Ptitsyn first heard of the study when it was presented at a conference in 2003. While listening to a presentation by those researchers about possible genetic defects that cause diabetes, Ptitsyn, a computer expert, began to wonder if there were more ways to analyze the data and extract more knowledge. He obtained the data and began his own analysis.
Ptitsyn acquired his first experience in classification algorithms in Siberia in late 1980s. As a student, he had a part-time job in a computer lab of Novosibirsk State University, where local scientists taught computational pattern analysis. He became familiar with the inventor of the algorithm that he applied in his current study. This computer algorithm, called FOREL, is little-known among researchers, primarily because it was published only in Russian decades ago and was previously applied in image processing and limited data classification in geology and economics.
FOREL is computationally demanding and, until recently, its application was severely restricted by computer power. However, modifications made by Ptitsyn significantly improved the performance of the old algorithm, while its ability to operate on high-dimensional data made it particularly suitable for analysis of microarray experiments such as this one, which produce a snapshot of activity for thousands of genes at a time.
In collaboration with a team of researchers from the Pennington Biomedical Research Center in Louisiana, Ptitsyn proposed an alternative analysis and interpretation of the data accumulated in previous experiments.
The original studies that provided the data have made a significant impact on the field of diabetes research.
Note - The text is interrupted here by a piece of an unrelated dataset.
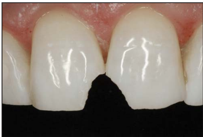
Figure 1. Preoperative facial view of the maxillary central incisors with trauma along the mesial-incisal edges.

Early techniques for resin bonding involved the layering of hybrid and microfill materials to achieve the strength and aesthetics, respectively, witnessed in the natural dentition. 4,5 The handling characteristics, polishability, and shade compatibility of hybrid and microfill resins, however, differed from one another and required the clinician to have a thorough understanding of the indications for each in order to use them successfully in combination. Most recently, microhybrid resins (eg, Venus, Heraeus Kulzer, Armonk, NY; Premise, Kerr/Sybron, Orange, CA; Tetric EvoCeram, Ivoclar Vivadent, Amherst, NY) have been developed in an effort to provide practitioners with a single material that could be applied universally in posterior and anterior regions of the mouth. 6,8 The author uses Venus (Heraeus Kulzer, Armonk, NY) for its shade-matching capabilities and its ability to be easily contoured using various brushes and composite resin instruments.

Ptitsyn’s discovery confirms the previously reported findings and reveals new, important details about the data.
"Characteristic patterns of gene expression overlooked in previous studies suggest a different interpretation of the results and point at a different mechanism behind the metabolic syndrome and type II diabetes," Ptitsyn said. "It is also remarkable that the data acquired in a few independent experiments and made publicly available by the authors can be matched and made to produce new results years after the original publication."